The words warmed me more than the payment. Pride, not pity. Respect earned through work, not charity extended to the demon girl who disrupted a wedding.
I pull another weed from around the comfrey roots, marveling at how the settlement's narrative shifted so neatly. The demon appeared because of dark elf corruption—everyone agrees on that now. Bram and his guards fled like the cowards they were, taking their tainted influence with them. Good riddance to bad blood, as old Henrik puts it.
They don't know I summoned Azrathiel. They see his intervention as divine justice, not infernal contract. The irony tastes bitter some days, sweet others.
The wind picks up, rattling the dried stalks I've left standing for seed collection. Winter approaches with teeth bared—I can smell it in the air, sharp and clean. Soon I'll need to harvest the last of the hardy roots, bundle the final herbs for drying.
My hands work automatically, muscle memory guiding the harvest while my mind drifts. It always drifts to him as twilight approaches. During daylight hours I can maintain focus, lose myself in the rhythm of work and trade.
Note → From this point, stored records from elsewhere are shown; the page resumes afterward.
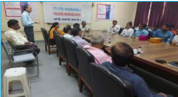
Interactive Seminar at ITI Raebareli Plant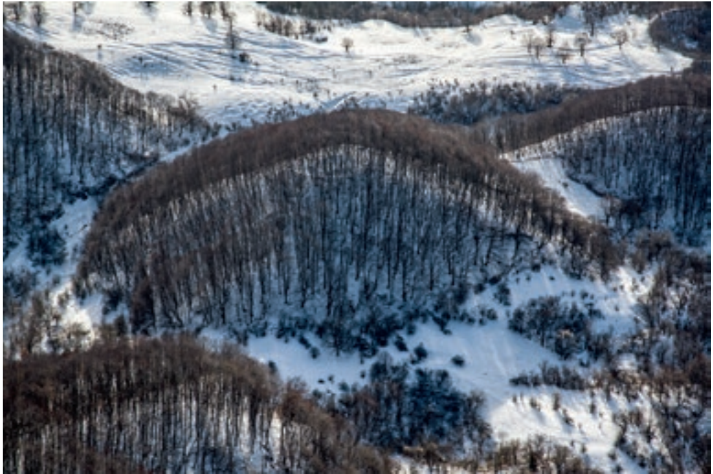
A Mikháza szomszédságban található Vityal középkori vára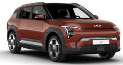
Terra Cotta (TCT)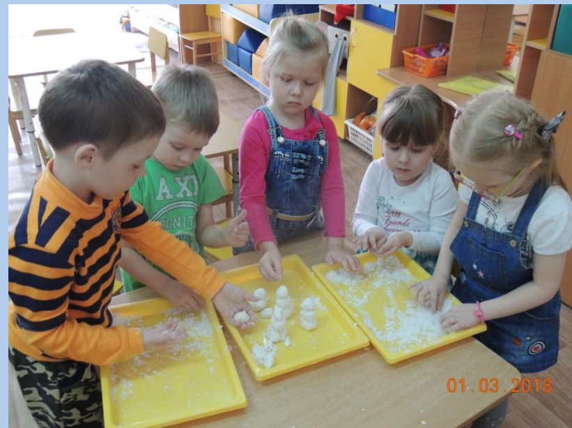
«Кто сказал, что снеговик быть на холоде привык»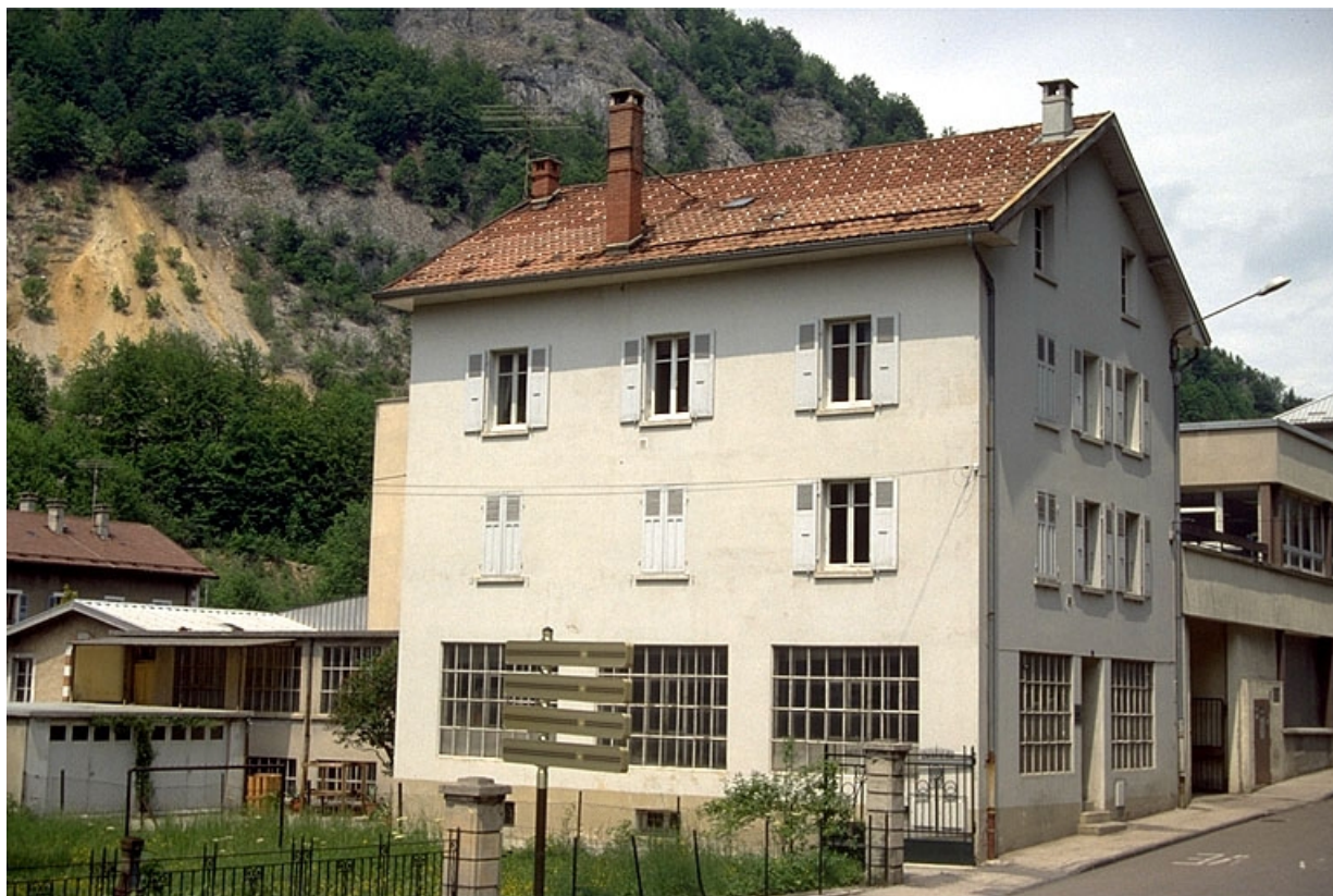
Vue d'ensemble sur l'avenue Charles de Gaulle.

39, Morez, 4 et 6 avenue Charles de Gaulle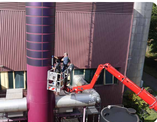
PV-Folien am Schornstein produzieren Solarstrom.

Dieser Weg ist ein fortlaufender Prozess, in den alle Unternehmensbereiche eingebunden sind. Die Bandbreite reicht von millionenschweren Investitionen in die Energieinfrastruktur über Lärmschutz bis zu Maßnahmen, die den Arbeitsalltag nachhaltiger gestalten. Dazu zählen u.a. ein verantwortungsbewusster Umgang mit Ressourcen und die Digitalisierung von Prozessen, z.B. im Personalbereich. Den Grundstein für seine Nachhaltigkeitsbestrebungen hat der Flughafen vor mehr als 10 Jahren mit seiner Klimaschutzstrategie gelegt. Demnach soll der Vorfeldbetrieb bis 2035 vollständig auf regenerative Antriebe umgestellt sein, spätestens 2045 will der Airport „Net Zero Emissionen“ erreichen. Das bedeutet, dass der Flughafen eine ausgeglichene Emissionsbilanz erreicht, indem er den CO 2 e-Ausstoß so weit wie möglich reduziert und anschließend die unvermeidbaren Emissionen durch Kompensationsmaßnahmen ausgleicht.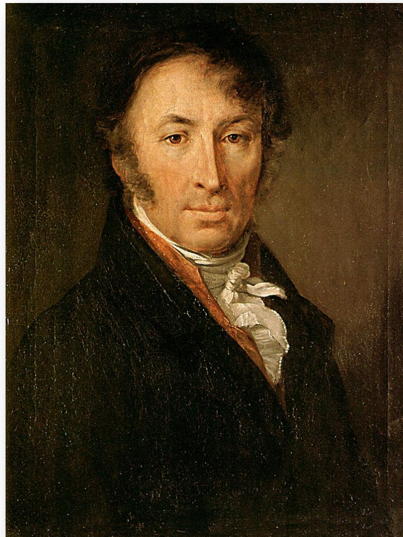
Портрет Карамзина кисти Тропинина (1818)

Летописец писал о Мстиславе: «Был же Мстислав дороден телом, румян, с большими глазами, храбр был в бою, милостив и очень любил дружину, имущества для нее не жалел, ни в питье, ни в пище не ограничивал ее».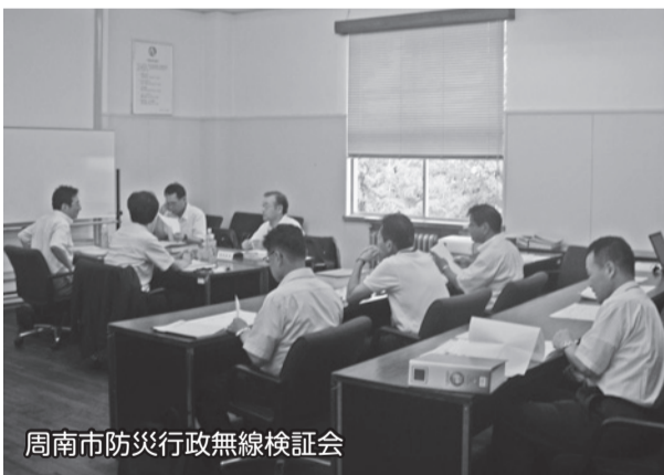
周南市防災行政無線検証会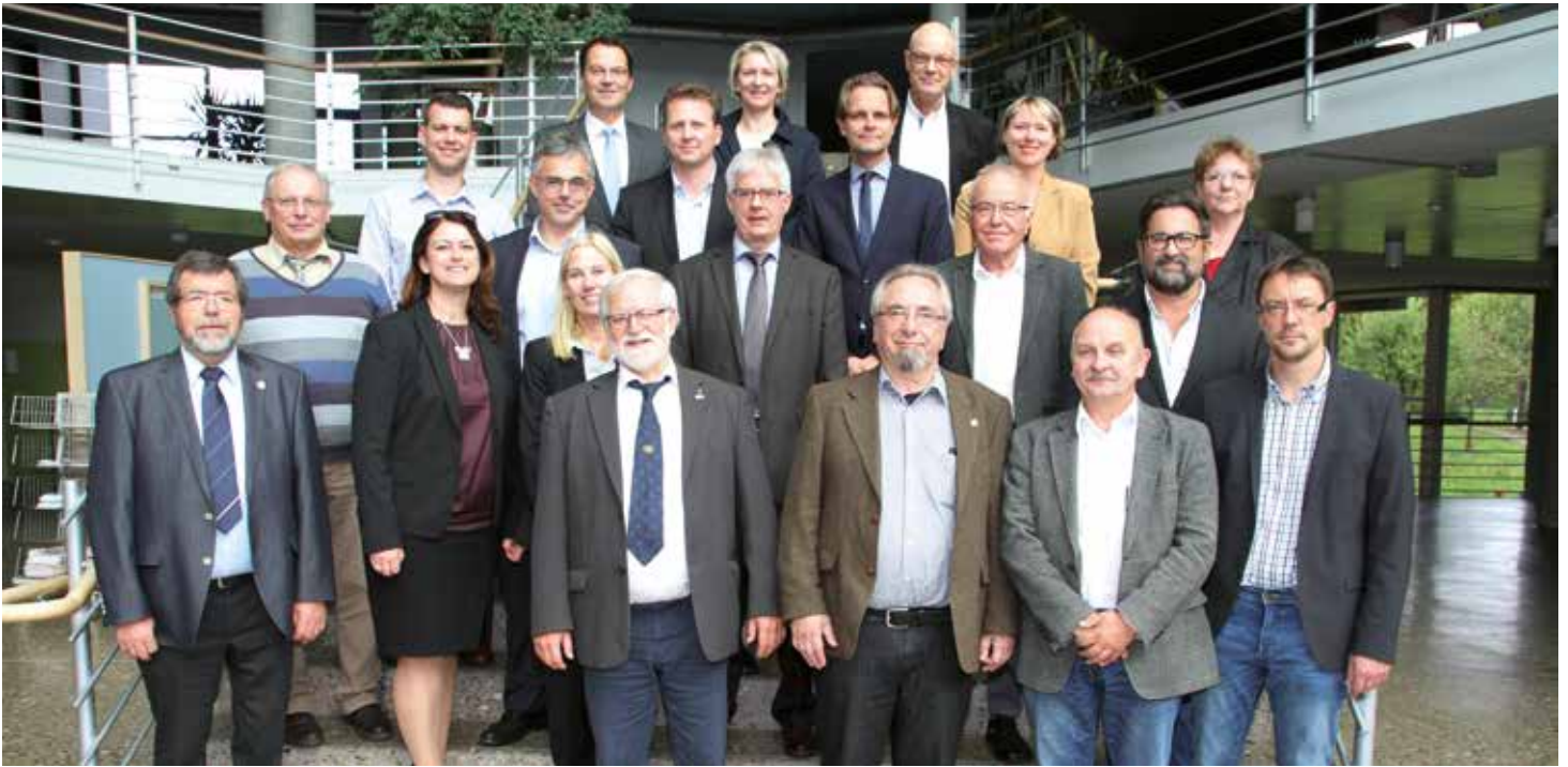
Die Mitglieder der Vertreterversammlung

But when shadows lengthen and the house grows quiet, the echo starts.
It's subtle—a warmth that shouldn't exist, a presence that flickers at the edge of perception. Sometimes I catch myself turning toward empty corners, expecting to find gold-flecked eyes watching from the darkness. Sometimes I wake reaching for warmth that isn't there.
The contract thread still pulses between us, faint but unbroken. Ten months remaining until collection. Ten months of this strange half-life, neither fully alone nor truly accompanied.
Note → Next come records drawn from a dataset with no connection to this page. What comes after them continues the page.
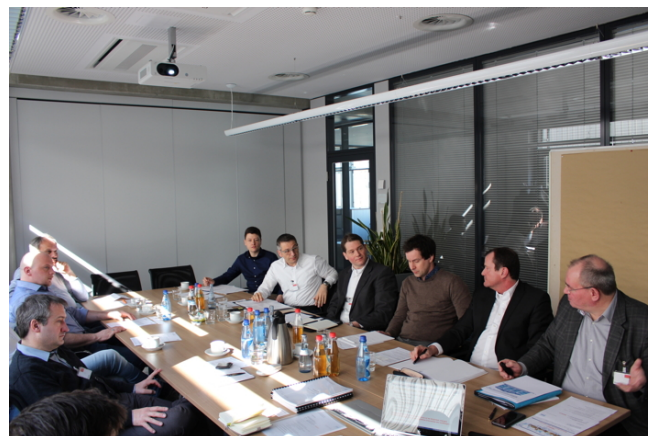
GMS-Workshop im Jahr 2019: Dieses Jahr das Format definitiv Online angeboten – und nach Möglichkeit bald wieder in Präsen.z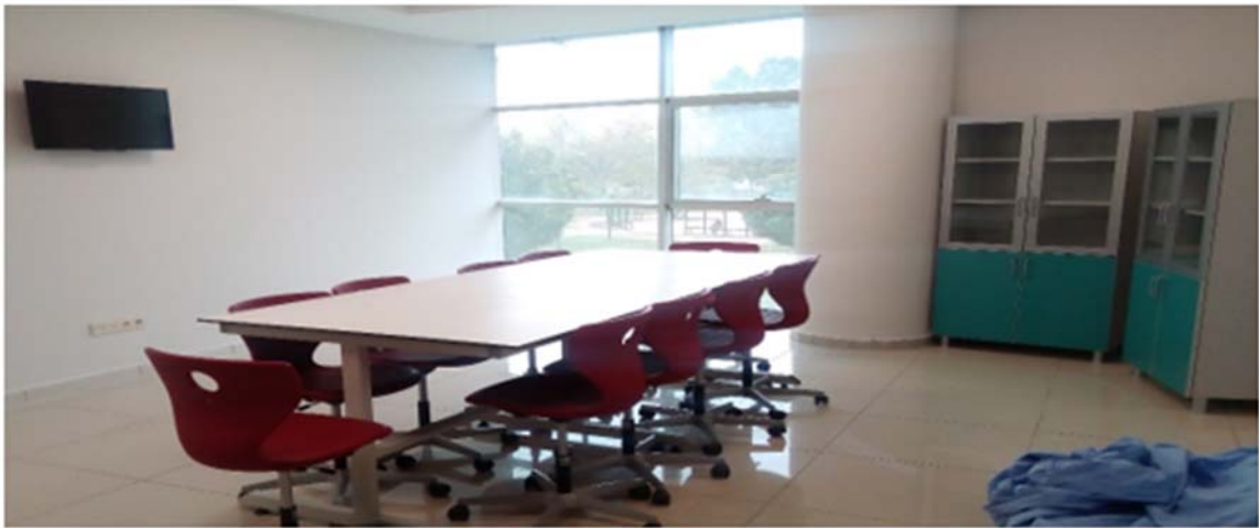
Resim 7.1.1.6. Fakültemiz Temel Mesleki Beceri Laboratuvarları.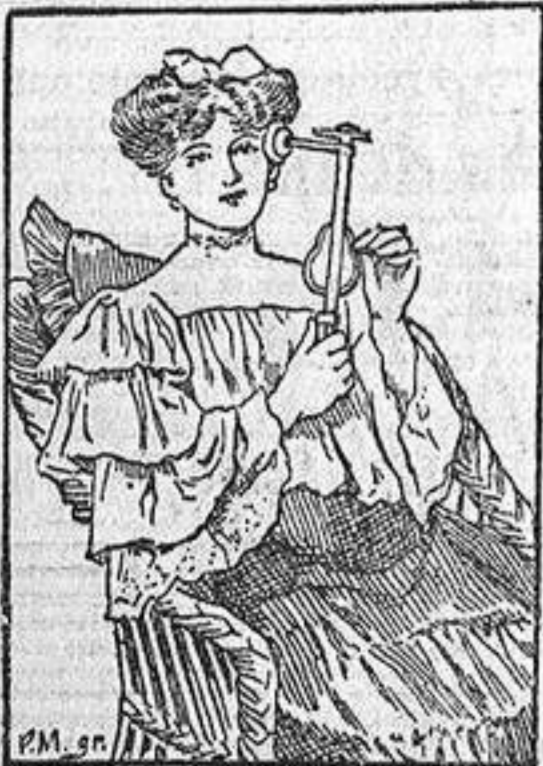
El VEEDEE cura estas enfermedades en poco tiempo.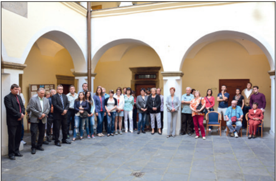
90 let národní házené v obci – zahájení oslav v zámku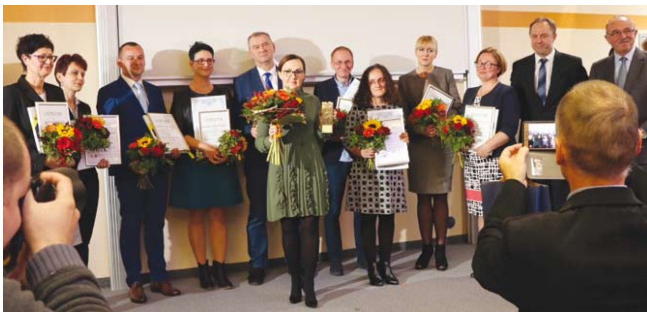
Rozdanie nagród w konkursie „Nauczyciel Pomorza 2017”

2 Podsumowanie I edycji konkursu oraz obszerny wywiad z Nauczycielem Pomorza 2016 ukazały się w nr 79 „Edukacji Pomorskiej” (s. 25-26 i 27-28).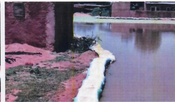
Activités de protection des maisons avec les sacs de bancos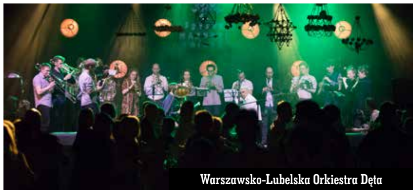
Warszawsko-Lubelska Orkiestra Dęta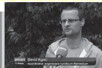
Zdroj: 10. 7. 2009, TV Prima, Zprávy pražským zaměstnancům bezplatné právní rady i zastupování u soudu. Zpráva věnovaná právní pomoci luRe v hlavních Zprávách TV Prima dne 10. 7. 2009

„Teď tu mám dobrou zprávu pro lidi, kterým třeba jejich šéf posílá pozdě výplaty, krátí svévolně dovolenou nebo je nutí pracovat zadarmo přesčas. Bránit se u soudu zatím stálo nervy i peníze, teď to může být jinak. Existuje nový unikátní projekt, který nabízí mimo-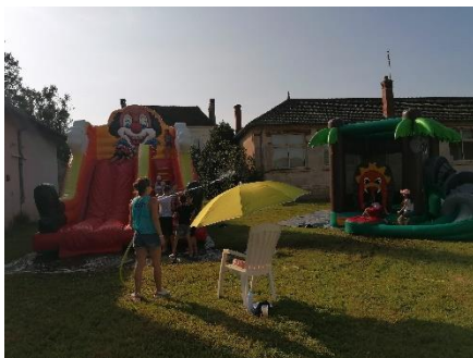
Dernier jour de l'accueil de loisirs – Été 2021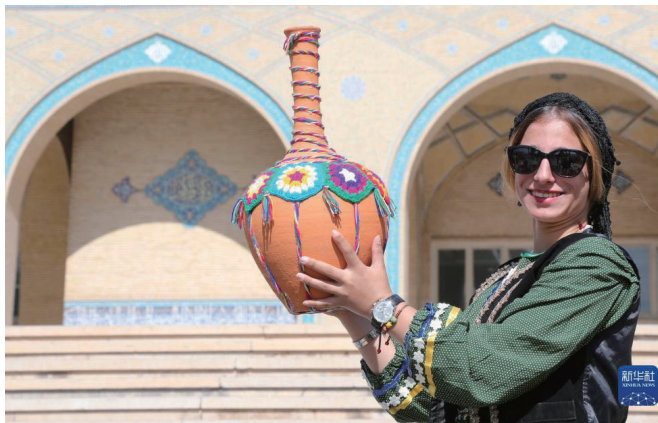
◀ 在伊朗首都德黑兰，一名身着传统服饰的女子展示手工艺品。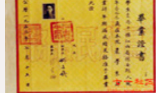
袁隆平大学毕业证是啥样

I straighten, brushing soil from my skirt, and survey the evening's work. Three baskets full of late-season herbs, enough to keep the settlement's minor ailments at bay through the cold months ahead. Honest work. Necessary work.
The kind my father would approve of.
"Practical girl," I murmur to the gathering dusk, using his voice. "Always thinking ahead."
But even as I gather the baskets, even as I plan tomorrow's preparations, the echo pulses stronger. Like a heartbeat that isn't mine, like breath held too long in empty rooms.
Somewhere in shadow and flame, he thinks of me.
And despite everything—despite the choice I made to let him go, despite the life I'm building without him—I think of him too.
That's why I nearly believe it's hallucination when I turn around and see Azrathiel standing in my garden.
The twilight plays tricks—shadows stretching long between the herb rows, making shapes that shouldn't exist. But the way he stands perfectly still among my carefully tended plants, the way starlight catches the ember-veins beneath his skin, the way those gold-flecked eyes find mine with unerring precision?—
This is no trick of tired eyes.
"Ilyra."
My name falls from his lips like a prayer answered, and the basket slips from nerveless fingers. Lavender and chamomile scatter across the pebbled path, purple blooms and white petals mixing with darker earth.
"You're here." The words escape as barely more than breath.
He steps forward slowly, each movement deliberate as if approaching something fragile. His boots crush the spilled herbs, releasing their scent into the cooling air—sweet lavender, bitter chamomile, the green smell of broken stems.